Content starts

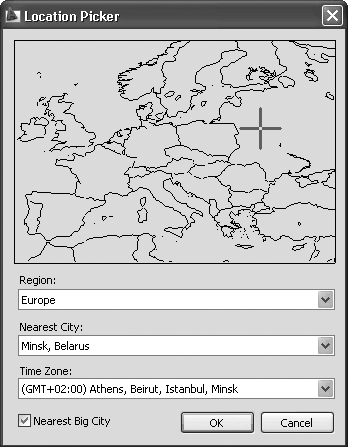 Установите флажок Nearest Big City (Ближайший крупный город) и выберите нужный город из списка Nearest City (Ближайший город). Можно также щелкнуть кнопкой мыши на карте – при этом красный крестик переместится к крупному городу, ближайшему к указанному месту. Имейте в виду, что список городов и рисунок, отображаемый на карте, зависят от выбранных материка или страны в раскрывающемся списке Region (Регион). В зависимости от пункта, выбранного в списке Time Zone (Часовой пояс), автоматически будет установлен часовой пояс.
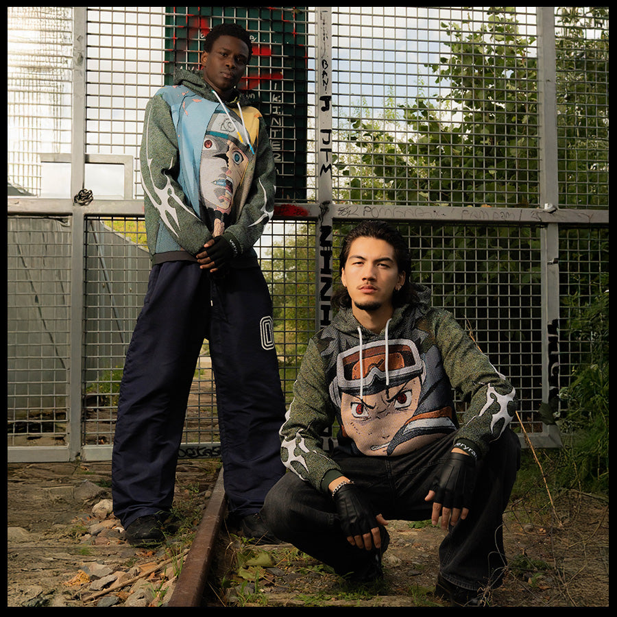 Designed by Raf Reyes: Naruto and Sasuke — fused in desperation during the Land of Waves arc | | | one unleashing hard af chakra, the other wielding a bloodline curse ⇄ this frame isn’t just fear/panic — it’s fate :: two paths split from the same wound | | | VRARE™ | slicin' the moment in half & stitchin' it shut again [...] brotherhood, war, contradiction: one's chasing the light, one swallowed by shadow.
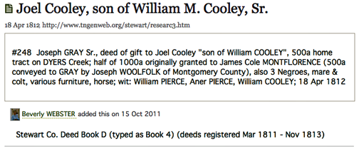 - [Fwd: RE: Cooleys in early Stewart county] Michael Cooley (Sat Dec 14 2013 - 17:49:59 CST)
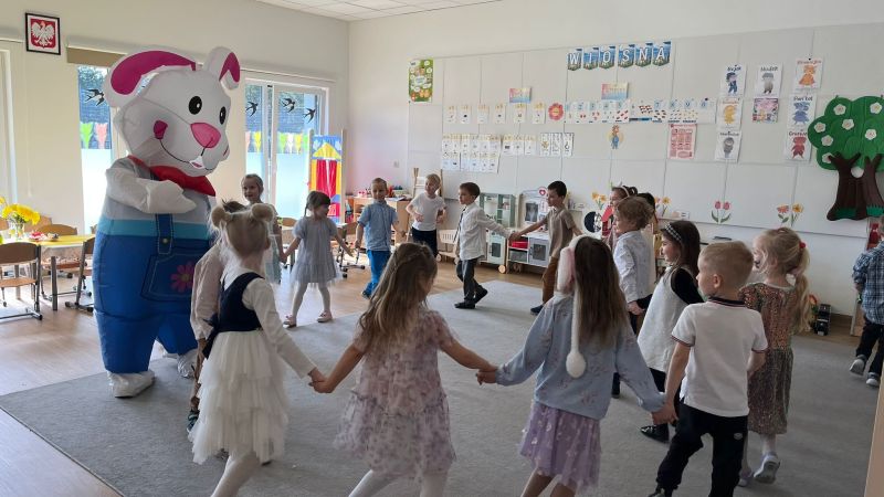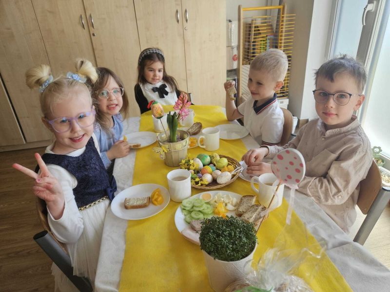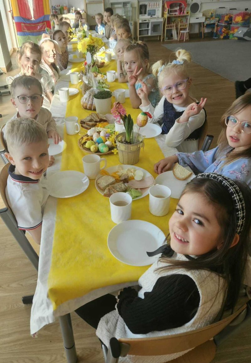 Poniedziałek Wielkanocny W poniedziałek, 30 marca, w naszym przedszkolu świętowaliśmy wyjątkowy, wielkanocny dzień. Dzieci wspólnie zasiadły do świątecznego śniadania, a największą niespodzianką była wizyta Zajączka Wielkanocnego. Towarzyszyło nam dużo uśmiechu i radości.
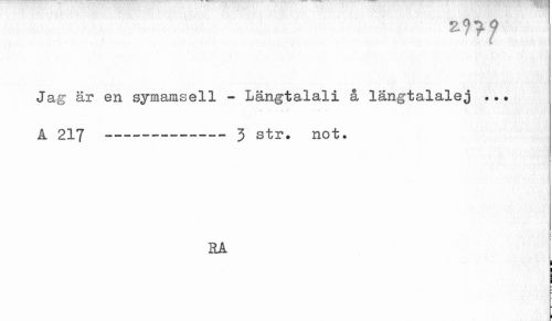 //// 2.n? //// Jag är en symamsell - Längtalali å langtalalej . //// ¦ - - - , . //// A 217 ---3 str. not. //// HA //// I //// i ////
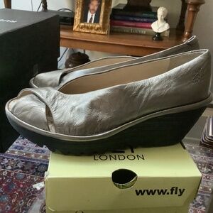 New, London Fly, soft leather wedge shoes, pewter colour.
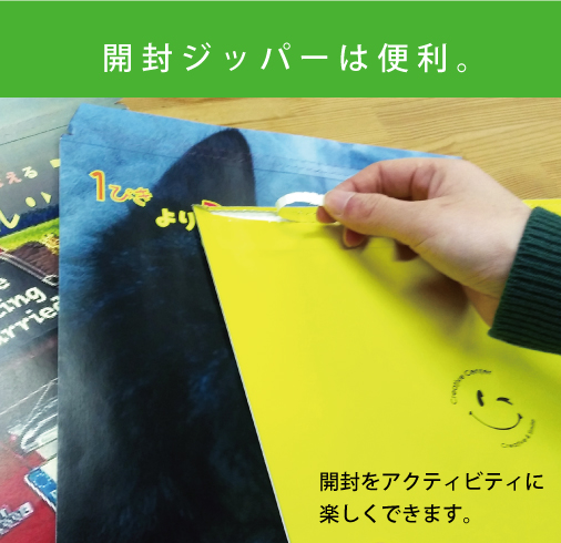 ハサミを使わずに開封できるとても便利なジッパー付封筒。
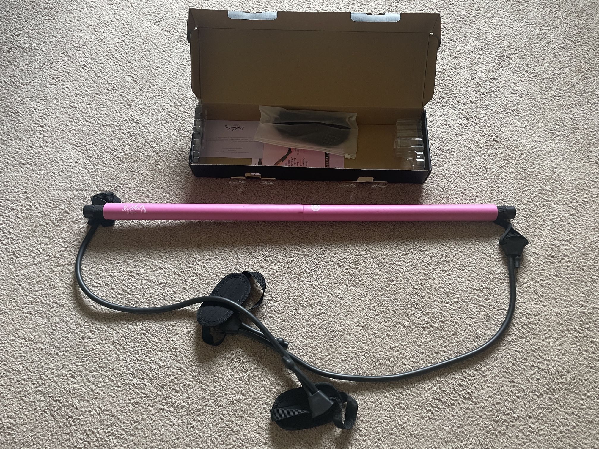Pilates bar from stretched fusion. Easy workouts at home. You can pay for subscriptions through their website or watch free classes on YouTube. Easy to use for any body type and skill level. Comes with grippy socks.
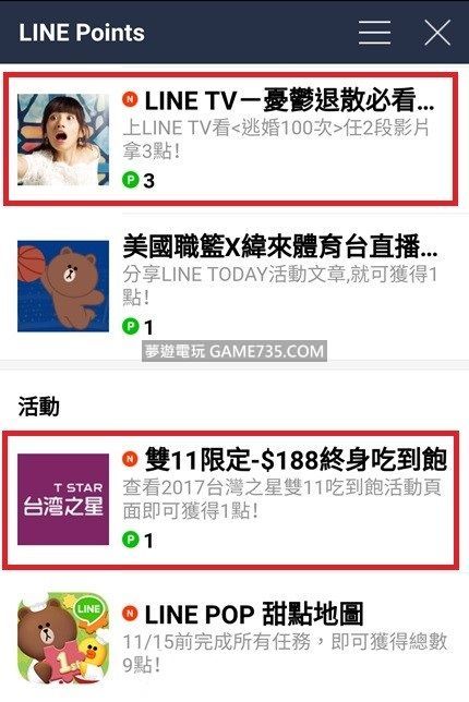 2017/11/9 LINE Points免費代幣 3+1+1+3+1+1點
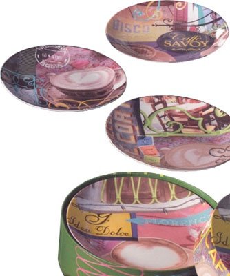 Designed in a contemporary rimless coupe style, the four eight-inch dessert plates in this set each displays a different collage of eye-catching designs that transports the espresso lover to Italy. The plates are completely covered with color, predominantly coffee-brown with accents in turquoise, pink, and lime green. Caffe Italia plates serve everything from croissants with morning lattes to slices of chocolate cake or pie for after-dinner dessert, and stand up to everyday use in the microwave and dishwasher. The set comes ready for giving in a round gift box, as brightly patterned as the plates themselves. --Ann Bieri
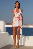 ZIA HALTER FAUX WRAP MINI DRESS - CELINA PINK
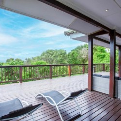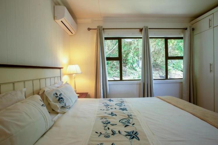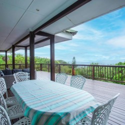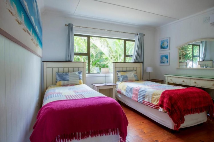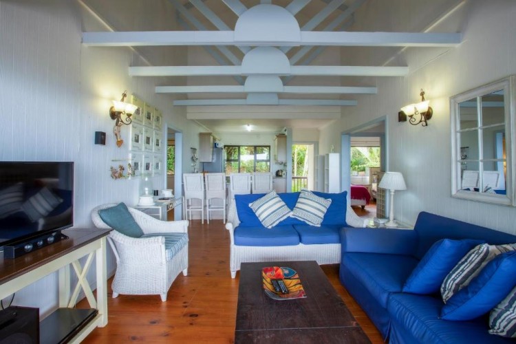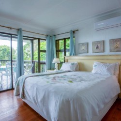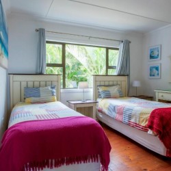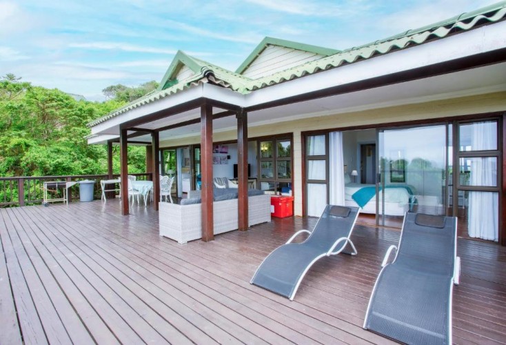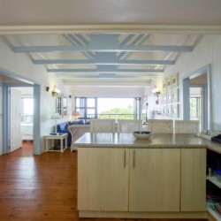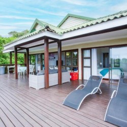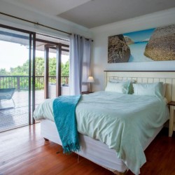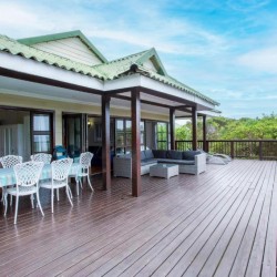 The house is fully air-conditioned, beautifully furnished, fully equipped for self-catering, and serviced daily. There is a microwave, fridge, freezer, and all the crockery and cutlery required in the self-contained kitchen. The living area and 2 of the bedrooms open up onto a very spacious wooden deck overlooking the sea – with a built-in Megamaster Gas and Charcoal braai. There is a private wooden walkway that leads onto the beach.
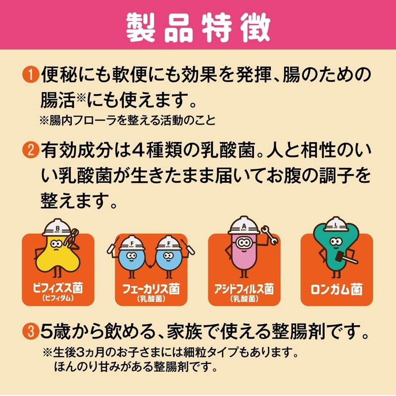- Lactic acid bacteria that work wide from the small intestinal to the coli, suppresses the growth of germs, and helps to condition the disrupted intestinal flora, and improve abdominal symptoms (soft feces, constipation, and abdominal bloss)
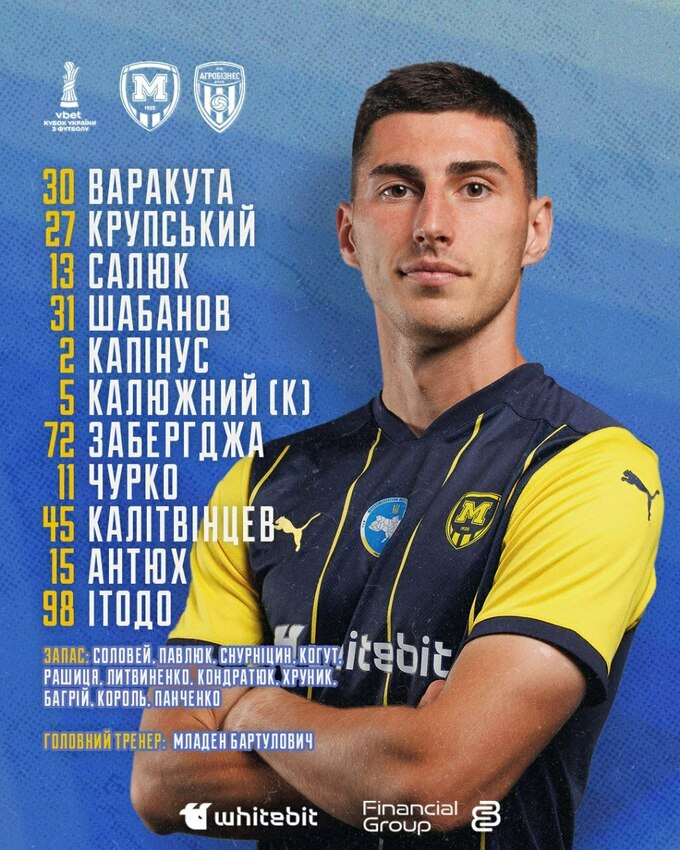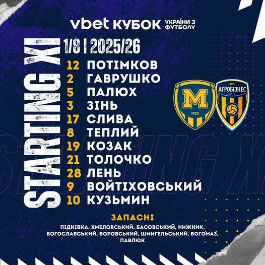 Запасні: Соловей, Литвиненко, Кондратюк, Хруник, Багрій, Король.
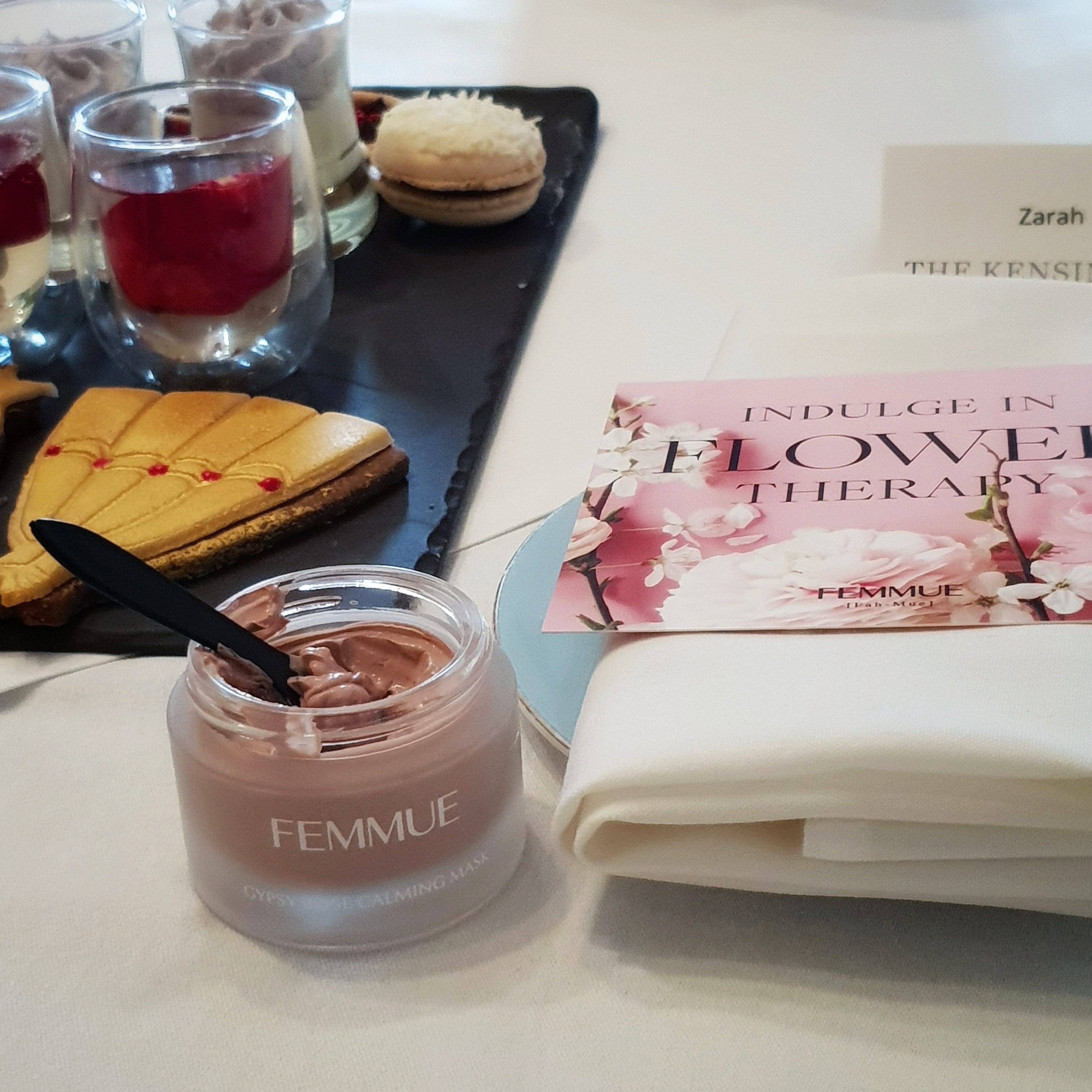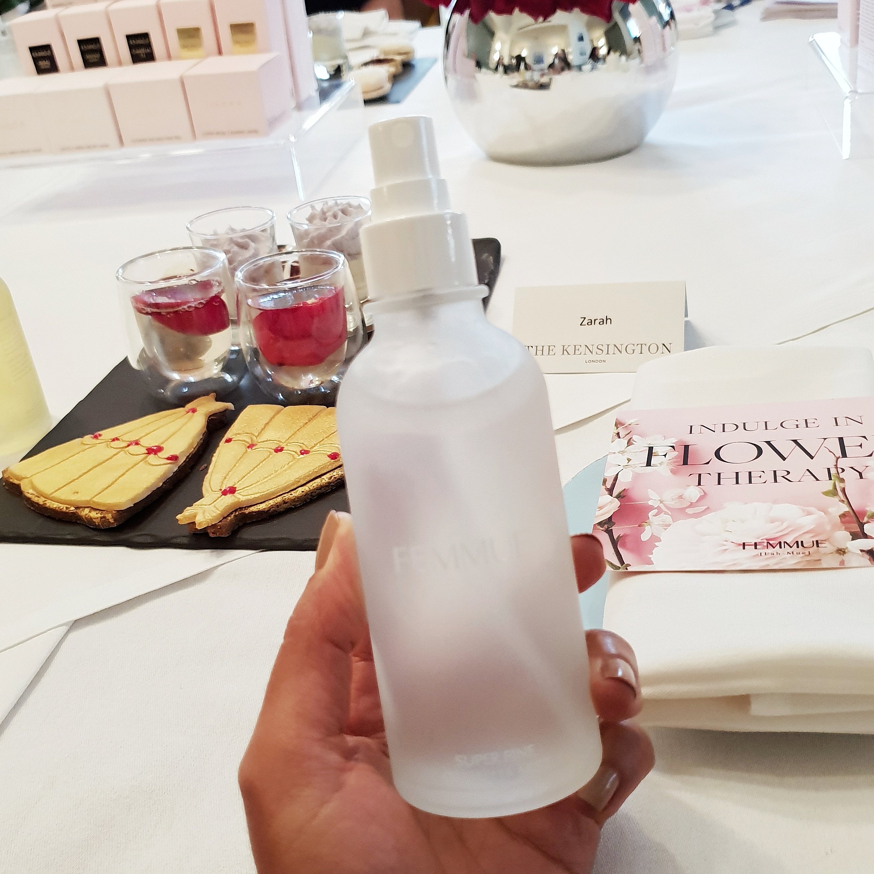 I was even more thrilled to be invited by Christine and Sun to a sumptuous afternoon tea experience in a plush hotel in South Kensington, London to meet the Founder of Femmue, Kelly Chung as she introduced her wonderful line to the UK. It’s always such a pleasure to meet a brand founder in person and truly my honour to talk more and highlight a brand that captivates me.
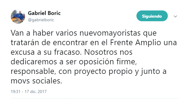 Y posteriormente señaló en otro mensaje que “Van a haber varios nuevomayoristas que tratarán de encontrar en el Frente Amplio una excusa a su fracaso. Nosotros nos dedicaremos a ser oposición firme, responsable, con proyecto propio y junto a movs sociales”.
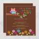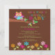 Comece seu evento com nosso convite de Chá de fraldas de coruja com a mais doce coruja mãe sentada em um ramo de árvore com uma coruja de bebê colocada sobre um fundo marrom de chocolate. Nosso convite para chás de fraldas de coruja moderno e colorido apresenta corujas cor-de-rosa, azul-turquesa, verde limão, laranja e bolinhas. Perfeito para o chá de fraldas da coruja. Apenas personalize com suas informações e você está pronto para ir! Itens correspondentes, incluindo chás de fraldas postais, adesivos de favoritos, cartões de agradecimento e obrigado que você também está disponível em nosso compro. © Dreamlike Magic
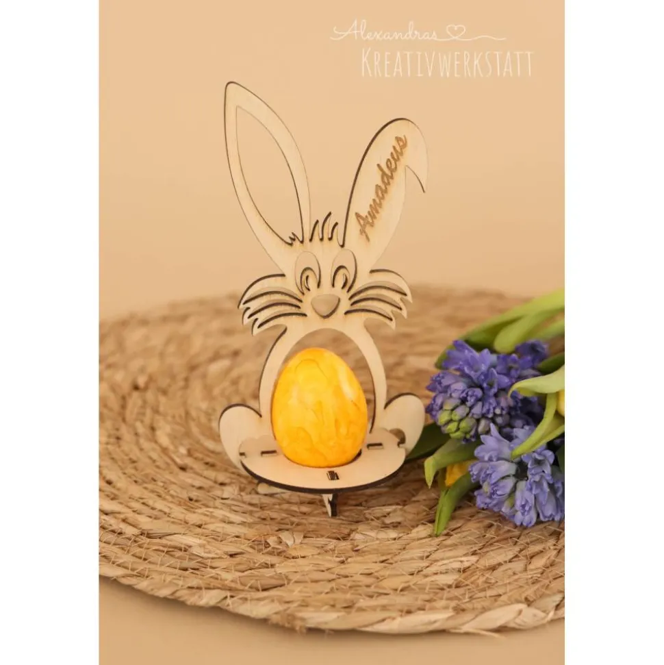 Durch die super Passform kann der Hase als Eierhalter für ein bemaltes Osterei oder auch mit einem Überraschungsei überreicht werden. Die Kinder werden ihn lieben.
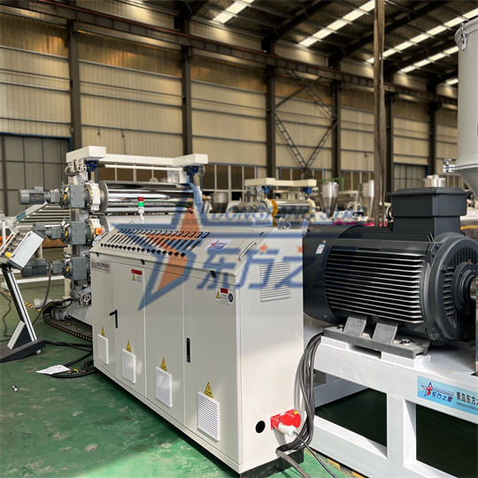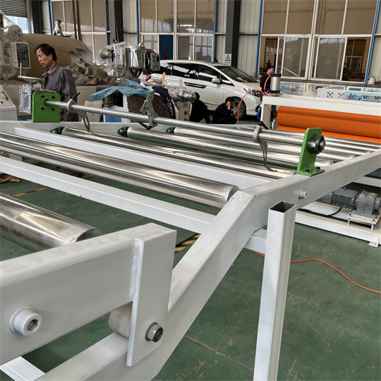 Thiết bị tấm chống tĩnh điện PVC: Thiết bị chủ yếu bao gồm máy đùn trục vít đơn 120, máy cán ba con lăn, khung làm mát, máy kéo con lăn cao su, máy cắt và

Content ends

→ Task statement: In the answer, all of the material should appear exactly as given, with no picture carried over.

→ Task response:
 Установите флажок Nearest Big City (Ближайший крупный город) и выберите нужный город из списка Nearest City (Ближайший город). Можно также щелкнуть кнопкой мыши на карте – при этом красный крестик переместится к крупному городу, ближайшему к указанному месту. Имейте в виду, что список городов и рисунок, отображаемый на карте, зависят от выбранных материка или страны в раскрывающемся списке Region (Регион). В зависимости от пункта, выбранного в списке Time Zone (Часовой пояс), автоматически будет установлен часовой пояс.
 Designed by Raf Reyes: Naruto and Sasuke — fused in desperation during the Land of Waves arc | | | one unleashing hard af chakra, the other wielding a bloodline curse ⇄ this frame isn’t just fear/panic — it’s fate :: two paths split from the same wound | | | VRARE™ | slicin' the moment in half & stitchin' it shut again [...] brotherhood, war, contradiction: one's chasing the light, one swallowed by shadow.
 - [Fwd: RE: Cooleys in early Stewart county] Michael Cooley (Sat Dec 14 2013 - 17:49:59 CST)
 Poniedziałek Wielkanocny W poniedziałek, 30 marca, w naszym przedszkolu świętowaliśmy wyjątkowy, wielkanocny dzień. Dzieci wspólnie zasiadły do świątecznego śniadania, a największą niespodzianką była wizyta Zajączka Wielkanocnego. Towarzyszyło nam dużo uśmiechu i radości.
 //// 2.n? //// Jag är en symamsell - Längtalali å langtalalej . //// ¦ - - - , . //// A 217 ---3 str. not. //// HA //// I //// i ////
 New, London Fly, soft leather wedge shoes, pewter colour.
 ハサミを使わずに開封できるとても便利なジッパー付封筒。
Pilates bar from stretched fusion. Easy workouts at home. You can pay for subscriptions through their website or watch free classes on YouTube. Easy to use for any body type and skill level. Comes with grippy socks.
 2017/11/9 LINE Points免費代幣 3+1+1+3+1+1點
 Designed in a contemporary rimless coupe style, the four eight-inch dessert plates in this set each displays a different collage of eye-catching designs that transports the espresso lover to Italy. The plates are completely covered with color, predominantly coffee-brown with accents in turquoise, pink, and lime green. Caffe Italia plates serve everything from croissants with morning lattes to slices of chocolate cake or pie for after-dinner dessert, and stand up to everyday use in the microwave and dishwasher. The set comes ready for giving in a round gift box, as brightly patterned as the plates themselves. --Ann Bieri
 ZIA HALTER FAUX WRAP MINI DRESS - CELINA PINK
 The house is fully air-conditioned, beautifully furnished, fully equipped for self-catering, and serviced daily. There is a microwave, fridge, freezer, and all the crockery and cutlery required in the self-contained kitchen. The living area and 2 of the bedrooms open up onto a very spacious wooden deck overlooking the sea – with a built-in Megamaster Gas and Charcoal braai. There is a private wooden walkway that leads onto the beach.
- Lactic acid bacteria that work wide from the small intestinal to the coli, suppresses the growth of germs, and helps to condition the disrupted intestinal flora, and improve abdominal symptoms (soft feces, constipation, and abdominal bloss)
 Запасні: Соловей, Литвиненко, Кондратюк, Хруник, Багрій, Король.
 I was even more thrilled to be invited by Christine and Sun to a sumptuous afternoon tea experience in a plush hotel in South Kensington, London to meet the Founder of Femmue, Kelly Chung as she introduced her wonderful line to the UK. It’s always such a pleasure to meet a brand founder in person and truly my honour to talk more and highlight a brand that captivates me.
 Y posteriormente señaló en otro mensaje que “Van a haber varios nuevomayoristas que tratarán de encontrar en el Frente Amplio una excusa a su fracaso. Nosotros nos dedicaremos a ser oposición firme, responsable, con proyecto propio y junto a movs sociales”.
 Comece seu evento com nosso convite de Chá de fraldas de coruja com a mais doce coruja mãe sentada em um ramo de árvore com uma coruja de bebê colocada sobre um fundo marrom de chocolate. Nosso convite para chás de fraldas de coruja moderno e colorido apresenta corujas cor-de-rosa, azul-turquesa, verde limão, laranja e bolinhas. Perfeito para o chá de fraldas da coruja. Apenas personalize com suas informações e você está pronto para ir! Itens correspondentes, incluindo chás de fraldas postais, adesivos de favoritos, cartões de agradecimento e obrigado que você também está disponível em nosso compro. © Dreamlike Magic
 Durch die super Passform kann der Hase als Eierhalter für ein bemaltes Osterei oder auch mit einem Überraschungsei überreicht werden. Die Kinder werden ihn lieben.
 Thiết bị tấm chống tĩnh điện PVC: Thiết bị chủ yếu bao gồm máy đùn trục vít đơn 120, máy cán ba con lăn, khung làm mát, máy kéo con lăn cao su, máy cắt và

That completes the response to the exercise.